*** Block opens ***

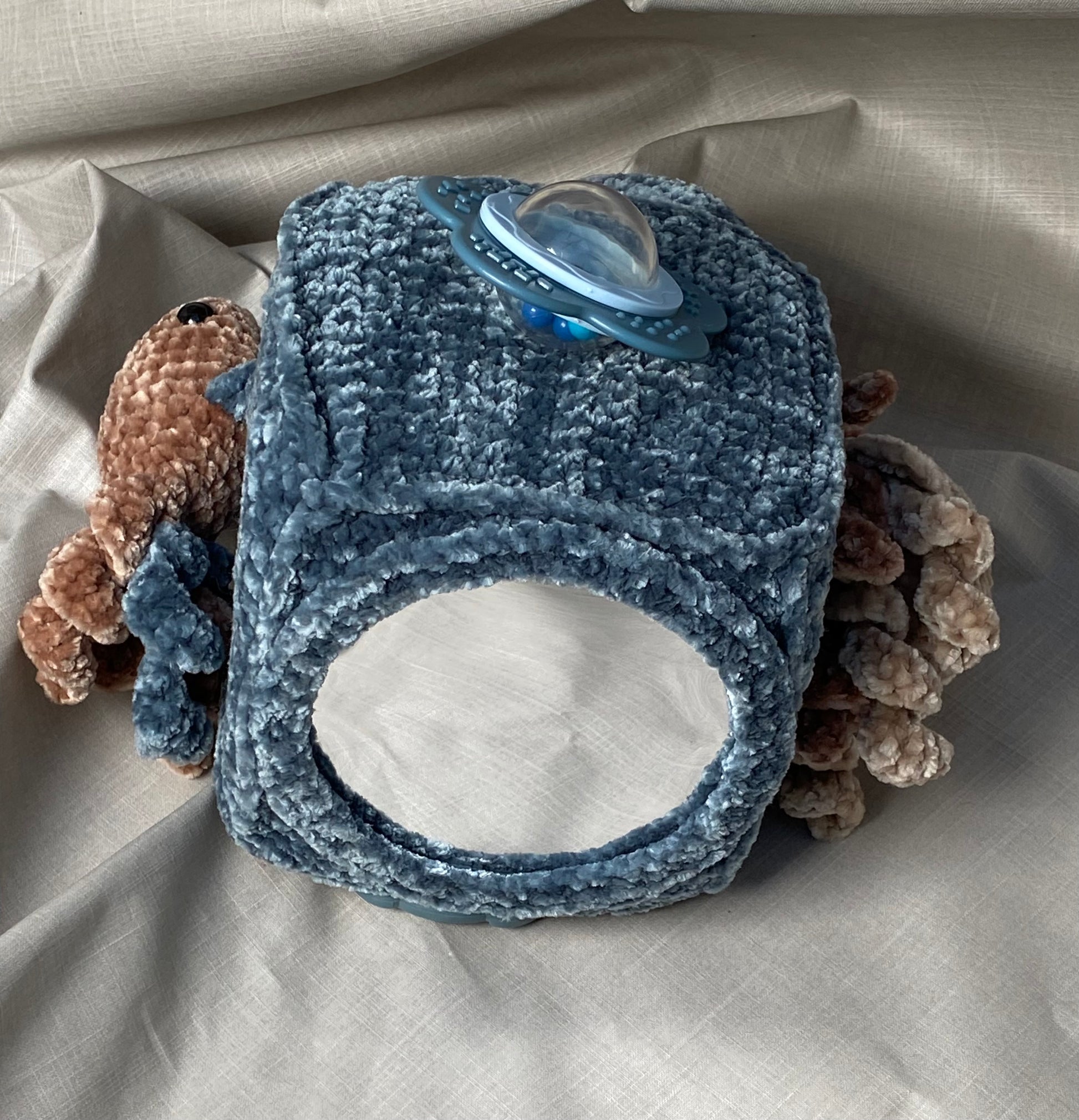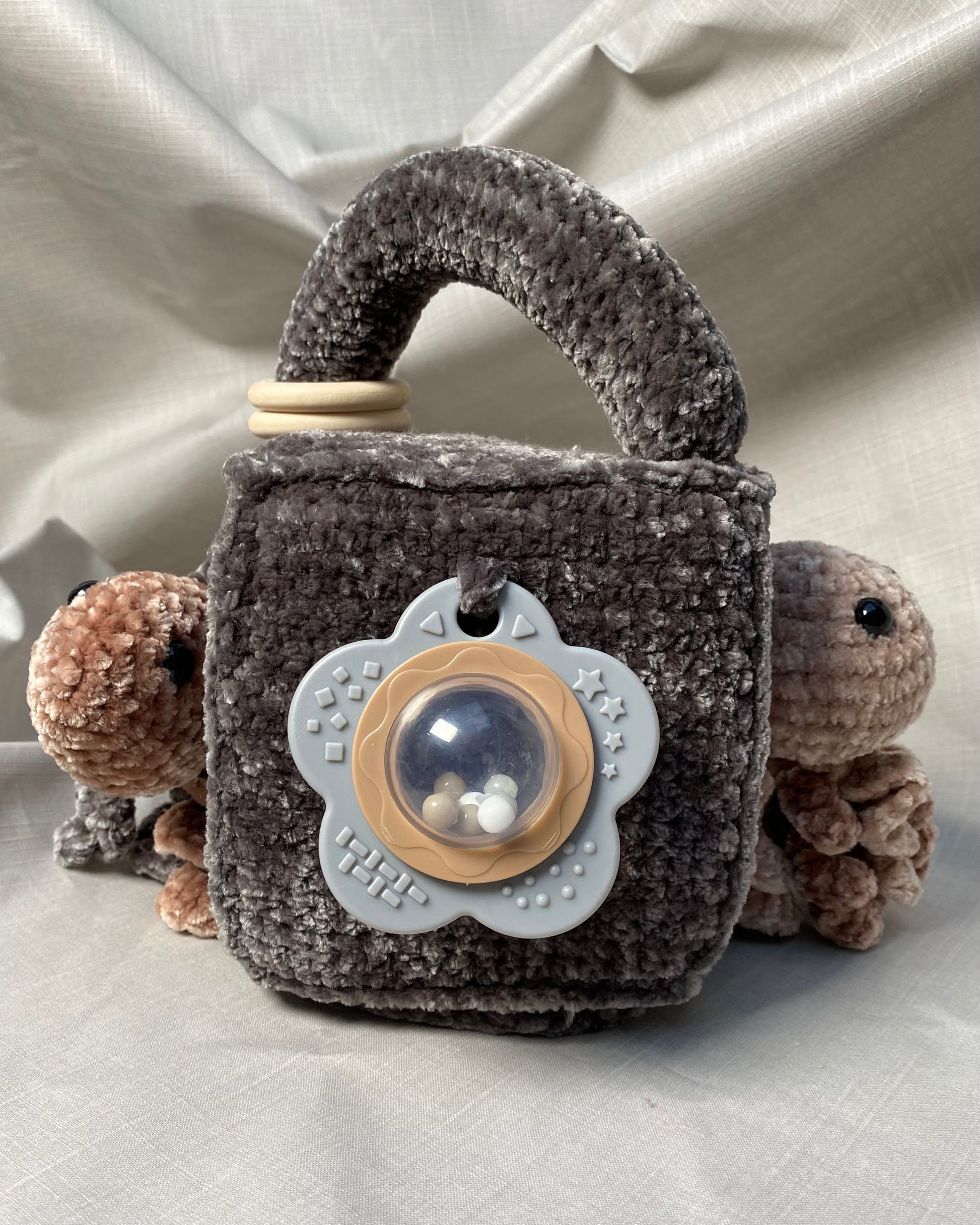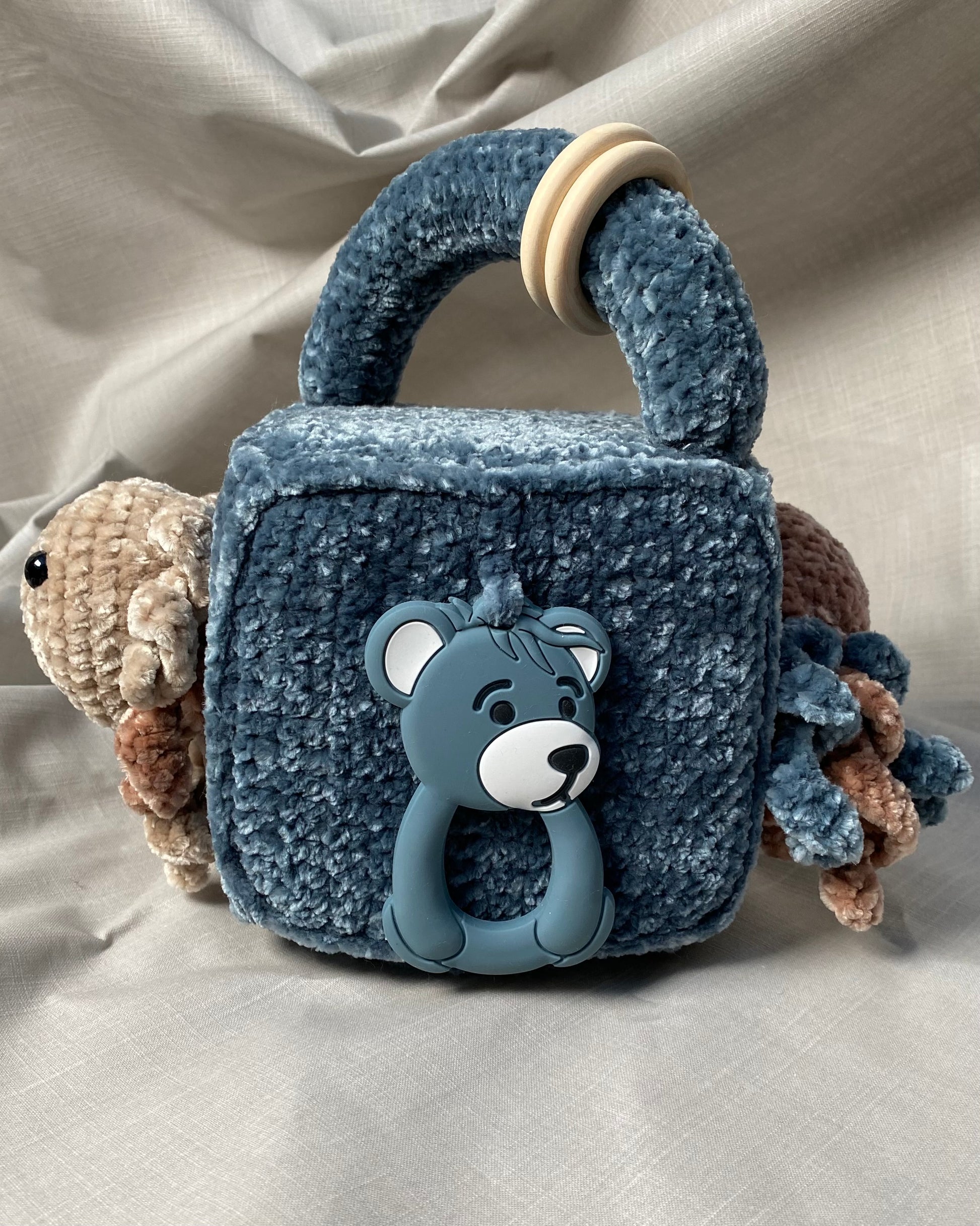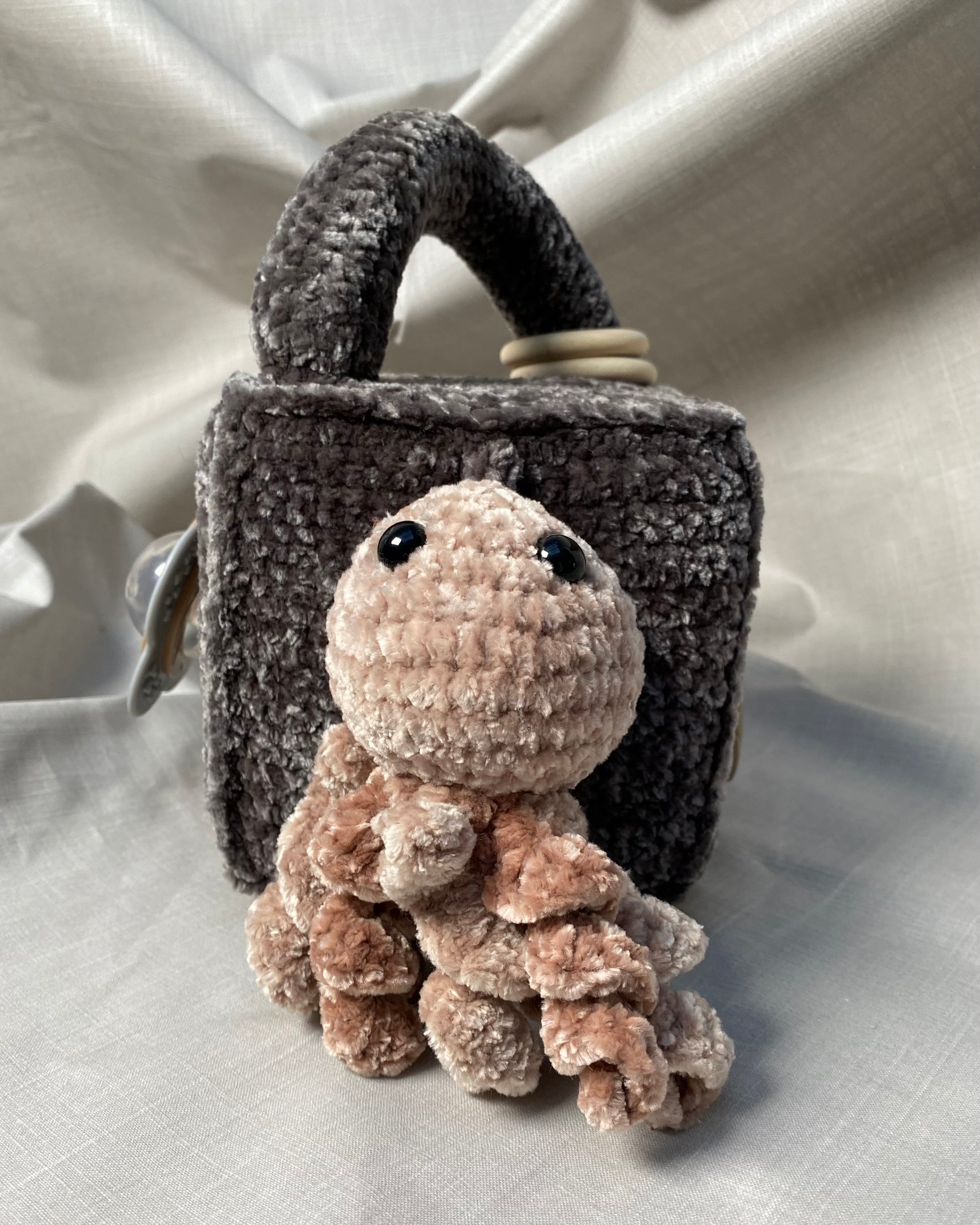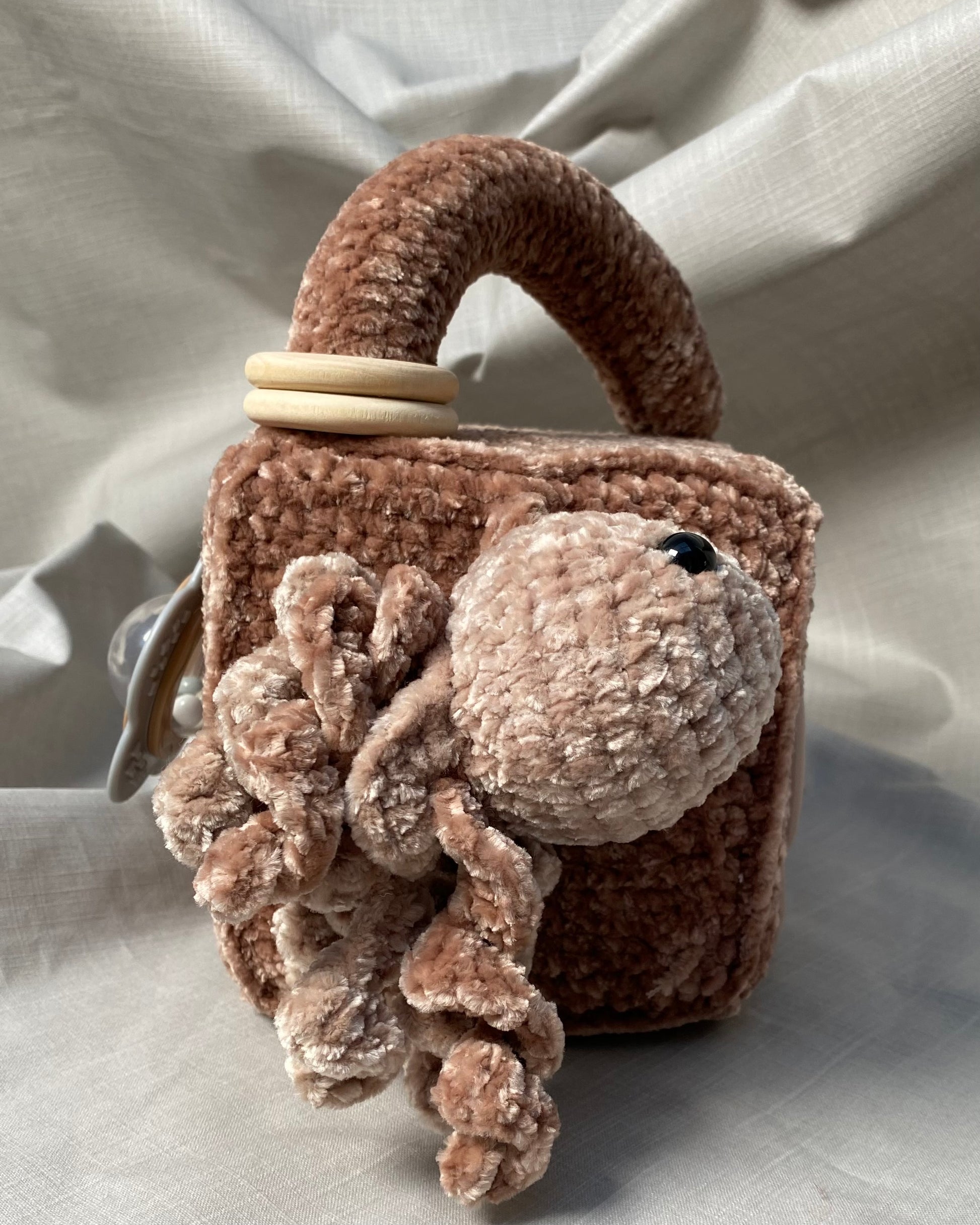 Hlíðar: Sílikon nagdýr, heklaður fiskur með tíst belg inní, blóma hringla, heklaður kolkrabbi með hringla inní.
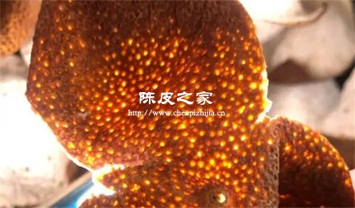 尤其是完全成熟的新會陳皮上的油包,油包越大、越多且紅,則表示陳皮的檔次越高,品質越好,因為油包中含有揮發油、黃酮類化合物等豐富的內含物。
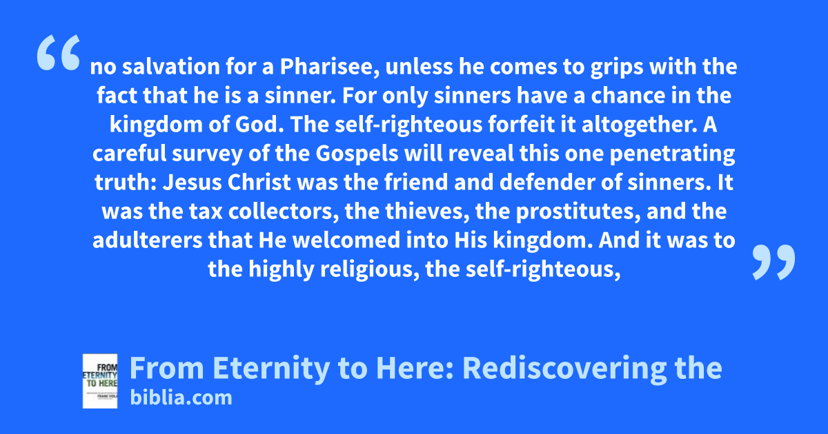 no salvation for a Pharisee, unless he comes to grips with the fact that he is a sinner. For only sinners have a chance in the kingdom of God. The self-righteous forfeit it altogether. A careful survey of the Gospels will reveal this one penetrating truth: Jesus Christ was the friend and defender of sinners. It was the tax collectors, the thieves, the prostitutes, and the adulterers that He welcomed into His kingdom. And it was to the highly religious, the self-righteous,
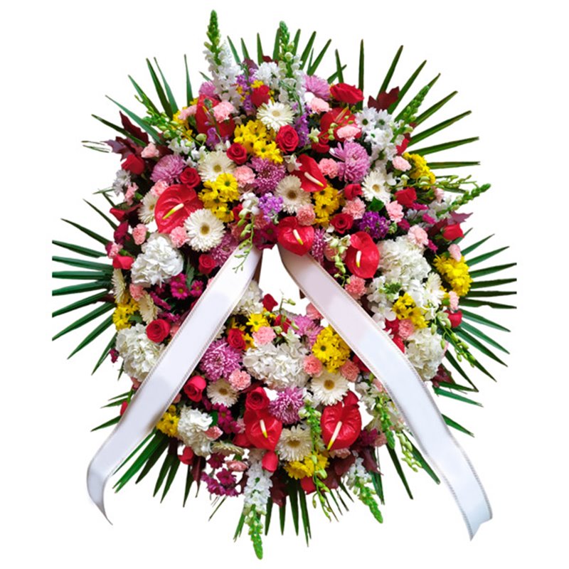 Corona con mezcla de diferentes tipos de flores y de colores, utilizando flores tales como margaritas, rosas, claveles, gerberas, etc. Una composicion idonea para dar adios a ese ser querido. Puede llevar cinta con dedicatoria, lo entregamos a cualquier tanatorio de Madrid. Diametro aproximado 90cm.
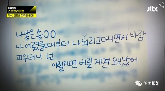 而前段时间,韩媒在节目中公布了具荷拉的日记片段,其中出现了“带着我出去和别人外遇”、“如果要抛下我为何又要生下我”的话语,在这之中也看到具荷拉写着自己有多么想念妈妈,又是如何在思念中苦苦忍耐着。
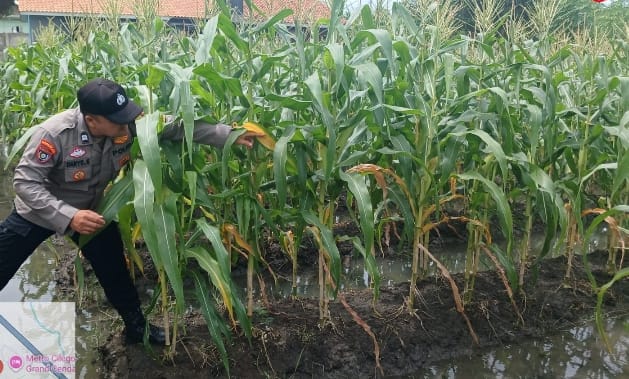 -Polres Cilegon–Polda Banten. Personil Bhabinkamtibmas Aiptu Daryo.E melaksanakan kegiatan pendampingan serta pemeriksaan pertumbuhan tanaman jagung di wilayah kerja Kapolsek Purwakarta, dalam rangka mendukung program ketahanan pangan yang digalakkan pemerintah.Minggu.(04-01-2026).
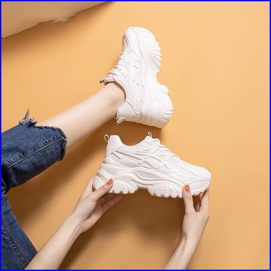 Shoevo Sneakers Wanita Woman Shoes Kasual Olahraga Sepatu Tinggi Tumit 5.3cm Hitam Putih Krem St040
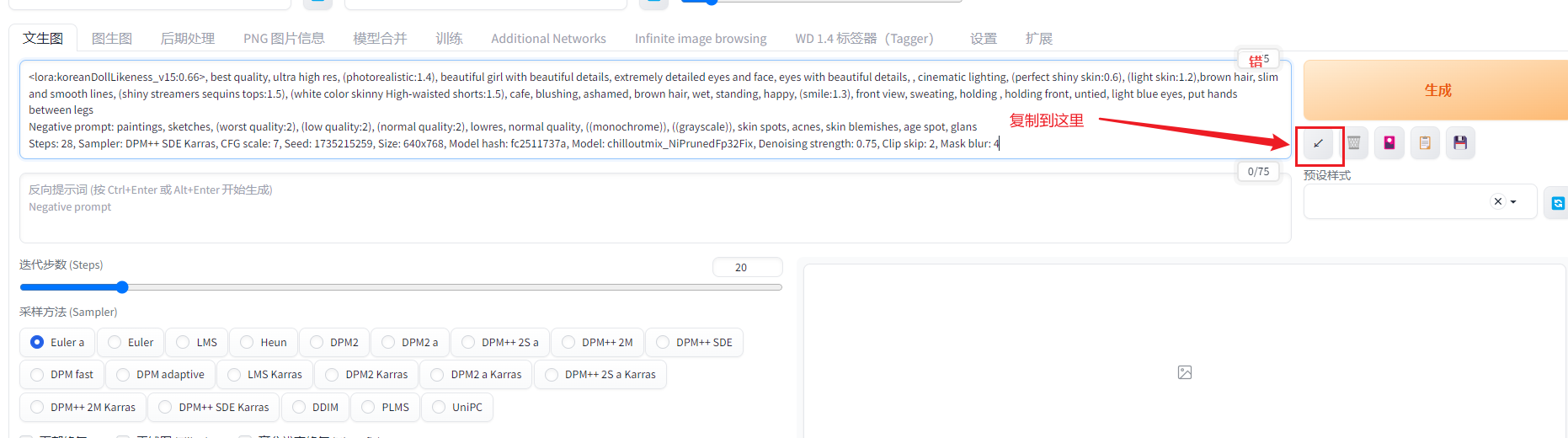 左上角的模型选成ChilloutMix

*** Block closes ***

- _Work required_
Pictures stay out; output the lines from the top of the listing above through the line containing "尤其是完全成熟的新會陳皮上的", exactly as they stand.

- _Answer to this task_
 Hlíðar: Sílikon nagdýr, heklaður fiskur með tíst belg inní, blóma hringla, heklaður kolkrabbi með hringla inní.
 尤其是完全成熟的新會陳皮上的油包,油包越大、越多且紅,則表示陳皮的檔次越高,品質越好,因為油包中含有揮發油、黃酮類化合物等豐富的內含物。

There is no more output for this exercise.